Dr. Brooks Blevins will speak at the Mabee-Simpson Library about new Book April 2

Dr.    Brooks Blevins, ’92, will speak at the Mabee-Simpson Library at noon April 2 about his latest book, Ghost of the Ozarks: Murder and Memory in the Upland South.  A brown bag lunch will be provided.

The book is about the 1929 murder of drifter Connie Franklin and the rape of his teenaged fianceé in Stone County. The ensuing arrest of five local men for both crimes and the confusion and superstition surrounding the trial and conviction gave Stone County a dubious and short-lived notoriety.

Closely examining how the story and its regional setting were interpreted by the media, Blevins recounts the gripping events of the murder    investigation and trial, where a man claiming to be the murder victim, the “ghost” of the Ozarks, appeared to testify.
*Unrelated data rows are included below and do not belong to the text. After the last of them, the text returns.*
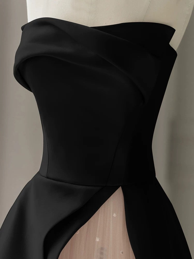 Strapless Satin Pearls Tulle Long Prom Dresses Party Dress HZ1024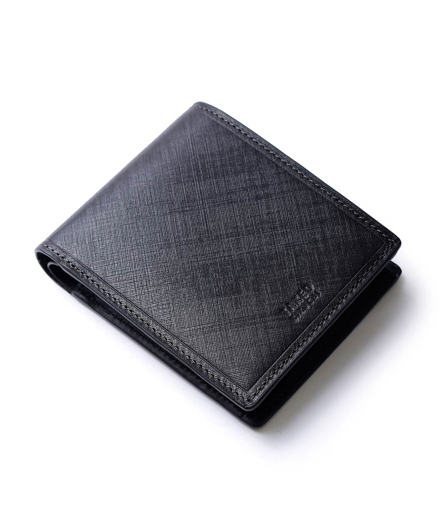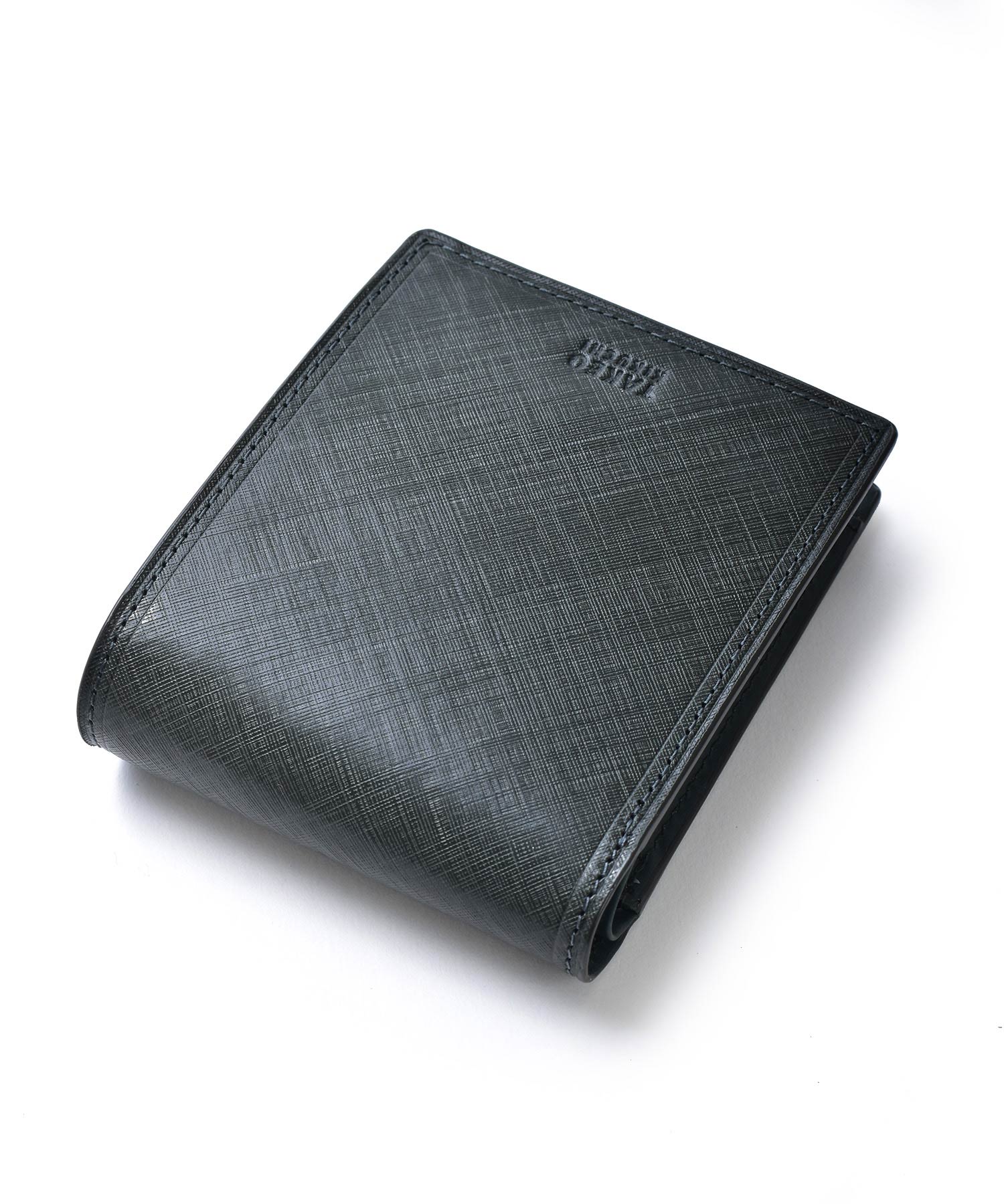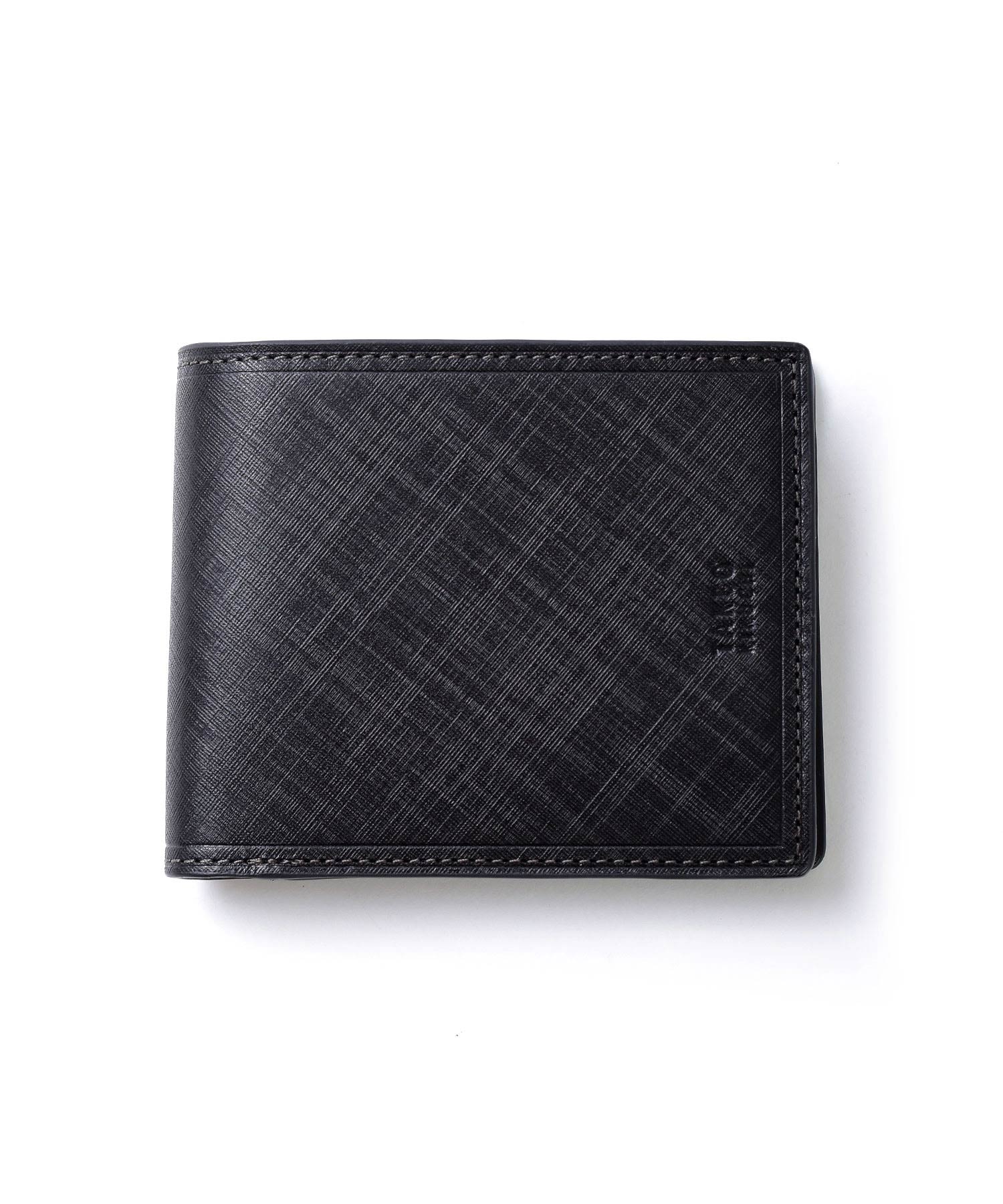 イタリアンインポートのエンボスレザーを使用した、タケオキクチの二つ折り財布です。 100%のタンニンで鞣しを施しており、使いこむほどに色艶が深まるエイジングが楽しめます。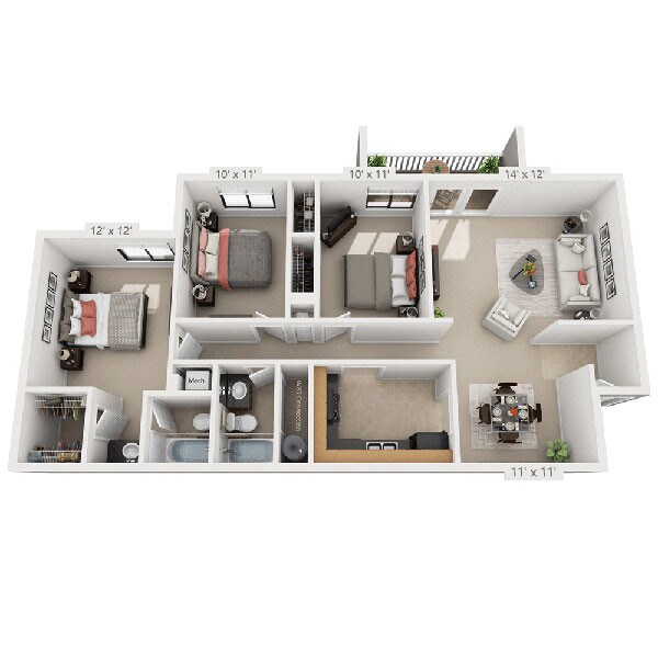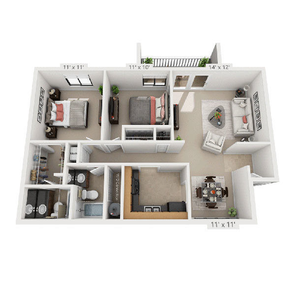 Modelo de apartamento: Plan B2Llame para Precios2 Dormitorios, 2 Baños, 1031 sq ftNo Disponible![]()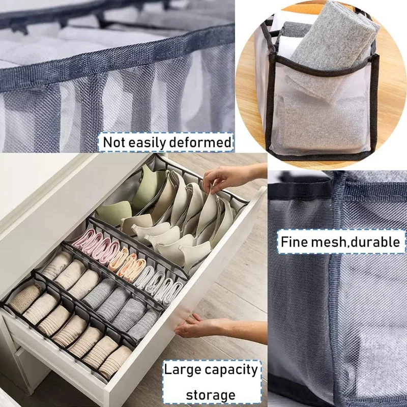 Сетчатая коробка для хранения нижнего белья моющаяся, гладкая и прочная и не выцветает после стирки. Его можно сложить, когда он не используется, и его можно поместить в чемодан во время путешествий или бизнеса.
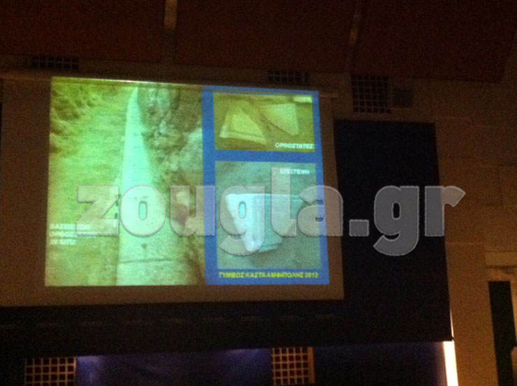 Κατά τ’ άλλα, ο αρχιτέκτονας Μιχάλης Λεφαντζής αποκάλυψε ότι βρέθηκαν τεκτονικά γράμματα χαραγμένα στον περίβολο του Τύμβου Καστά, ενώ ο πολιτικός μηχανικός Δημήτρης Εγγλέζος περιέγραψε τα μηχανικά μέτρα που ελήφθησαν για τις ανασκαφές.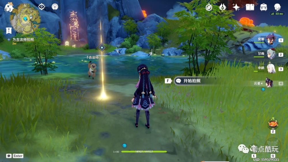 1,領取任務后,直接傳送到琥牢山錨點,來到理水疊山真君的洞府前,對話后給吉法師拍照留念。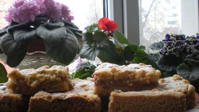 У нас в семье почему-то это печенье называется "Еврейским". Рецепт печенья к нам "приехал" в середине того века из Херсона. А в магазинах и кофейнях оно называется "Венским". А ещё я видела что-то похожее под названием "Полоски". Естественно, никакого сравнения с домашней выпечкой по вкусу. Пропорции инградиентов выверены временем. Сливочное масло совсем необязательно брать 82% жирности, достаточно и 72%. Муку смело сыпьте 2 стакана, а затем дозированно добавляйте ложками. Тесто получается маслянистым, очень нежным и легко поддаётся разным манипуляциям. начинки могут быть разными. Мы очень любим с ягодами из варенья (клубника и абрикос) - зимой, а с яблоками, клубникой, абрикосами или персиками (свежими, нарезанными небольшими кусочками) - летом. В рецепте указываю двойную норму. Если делать одну, то берём одно яйцо, а остальные составляющие делим попалам. Сода - 1 чайная ложка для двойной порции. Наверняка на сайте есть подобные варианты песочного теста, я не проверяла. Захотелось в эти замечательные весенние дни напомнить о своим любимом песочном печении.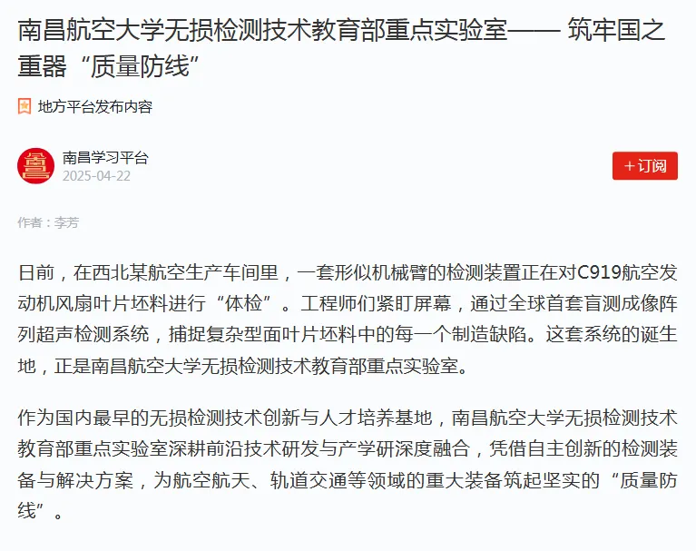 《学习强国》报道我校无损检测技术教育部重点实验室深耕前沿技术研发与产学研深度融合,凭借自主创新的检测装备与解决方案,为航空航天、轨道交通等领域的重大装备筑起坚实的“质量防线”。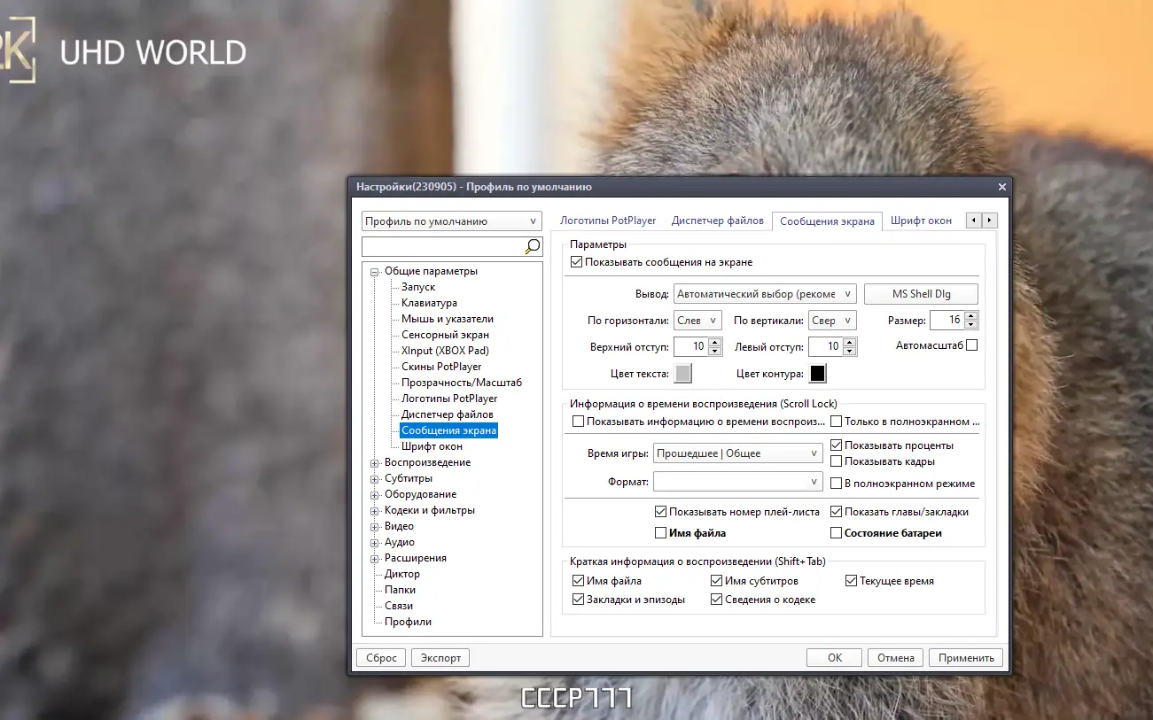 Интерфейс PotPlayer интуитивно понятен, но при этом предоставляет доступ к глубоким настройкам через контекстное меню и панель опций. Для быстрого доступа к функциям можно настроить горячие клавиши под свои потребности. Управление воспроизведением осуществляется как с клавиатуры, так и с помощью мыши — например, прокрутка колесиком изменяет громкость, а клик правой кнопкой вызывает расширенное меню. Для работы с несколькими мониторами реализована корректная обработка разрешений и ориентации, включая D3D11-рендеринг без обрезки кадра при переключении между экранами.

Local conditions in Stone County, which had no electricity and only one long-distance telephone line, frustrated the dozen or more reporters who found their way to the    rural Ozarks, and the developments following the arrests often prompted reporters’ caricatures of the region: accusations of imposture and    insanity, revelations of hidden pasts and assumed names, and threats of widespread violence.

Blevins, a native of the Ozarks, is the Noel Boyd Professor of Ozarks Studies at Missouri State University. His other books include Arkansas/Arkansaw: How Bear    Hunters, Hillbillies, and Good Ol’ Boys Defined a State; Hill Folks: A History of Arkansas Ozarkers and Their Image; and Lyon College 1872-2002: The Perseverance and Promise of an Arkansas College.